Iron ore gains weekly on resilient Chinese demand and housing stimulus

Iron ore gains weekly on resilient Chinese demand and housing stimulus

Iron ore futures prices rose on Friday and advanced for the week, helped by the latest housing stimulus and resilient demand for the key steelmaking ingredient in China, the ore’s biggest consumer market, although persistently high inventories capped gains.

The most-traded September iron ore contract on China’s Dalian Commodity Exchange (DCE) closed daily trading 0.18% higher at 825 yuan ($113.52) a ton, up 0.5% on a weekly basis.

Benchmark August iron ore on the Singapore Exchange rose 1.09% to $106.4 a tonne, a weekly increase of 1.2% so far.

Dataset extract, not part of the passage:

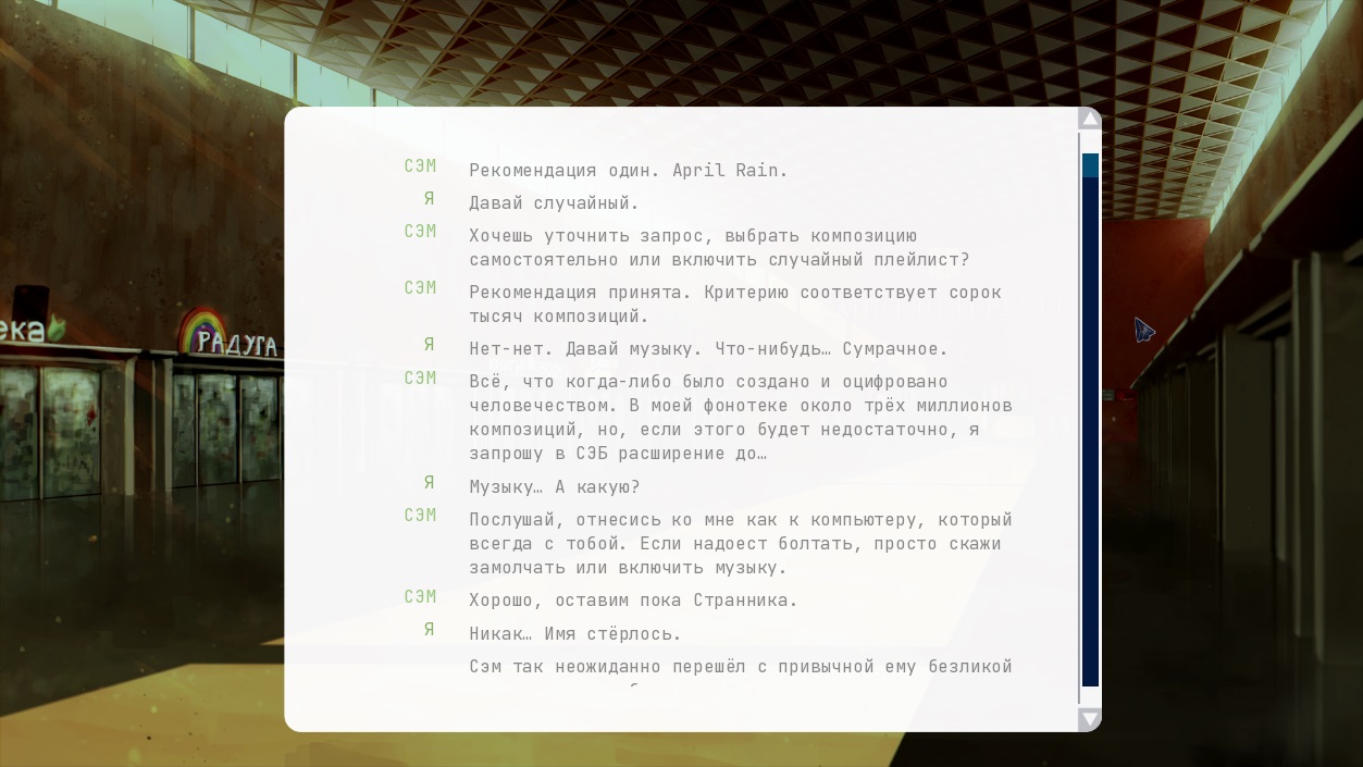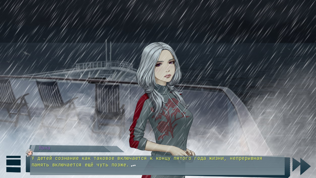>>1155529 >1. Лана(Синий провал): полностью готовый рут с четырьмя концовками. 1989 год, Нулевой мир (тот самый, где происходят основные события 7дл). Главный герой оказывается на месте мальчика с одной неприятной странностью — он почти бессмертен, так как организм откатывает все изменения, полученные за сутки. То есть, его не берут болячки, раны и... взросление. Так что за ним приглядывает одна симпатичная девушка с грустным взглядом. Удачно или нет — узнаете в руте Ланы! >2. Намики(Стук колёс): полностью готовый рут с четырьмя концовками. 2080 год, мир Техсингулярности, всем заправляют машины и искусственный интеллект. Здесь уже не главный герой выступает объектом опеки, а наоборот. В месте, куда он попадает, все, кому нужно, прекрасно осведомлены и о нём, и о его способностях, так что подбирают работёнку как раз ему по плечу — нужно позаботиться об одной девице из-за границы. А как он с этим справится — читайте в руте Намики! >3. Стася(Шелест крыльев): первые пара дней истории девочки с суперспособностями, которые ей ну вот совсем не нужны. События рута развиваются на протяжении двенадцати лет, с 1988 по 2000 год и касаются больше главного героя, сама же Стася(здесь Сташия) появляется ближе к середине сюжета. Зачем главный герой нужен Стасе, и зачем она просит его стать душеприказчиком — узнаете уже совсем скоро! А пока затравка для интриги. >3. Ремастер Нуара: старый знакомый сюжет с чуть обновлённой графикой. 1991 год, Нулевой мир. В посёлок Радченко с расследованием прибывает этакий частный детектив советского посолу — "порученец", или специалист по особым поручениям. Вот только заказчик уже погиб, да и в Радченко творится какая-то чертовщина...

The Chinese capital, Beijing, has joined three other cities in reducing the cost of buying property by cutting mortgage interest rates and minimum down payment requirements.

“These latest measures could lead to an increase in residential property transactions and help alleviate the worst of the country’s housing oversupply due to the timing of equity releases,” ANZ analysts said in a note.

According to data from consultancy Mysteel, average daily hot metal production among surveyed steelmakers remained at a relatively high level of around 2.39 million tonnes on June 27, despite a weekly decline of 0.2%.

But persistently high port inventories, which rose 0.3 percent to 149.26 million tonnes, limited price increases.

“(China’s) issuance of special bonds has accelerated recently, but there is some change in usage, which could affect the infrastructure sector later,” analysts at GF Futures said in a note. Special bonds are typically used to finance infrastructure projects.

Investors and traders are still seeking more clarity on the market’s direction at the long-delayed third plenary meeting, which will be held from July 15 to 18.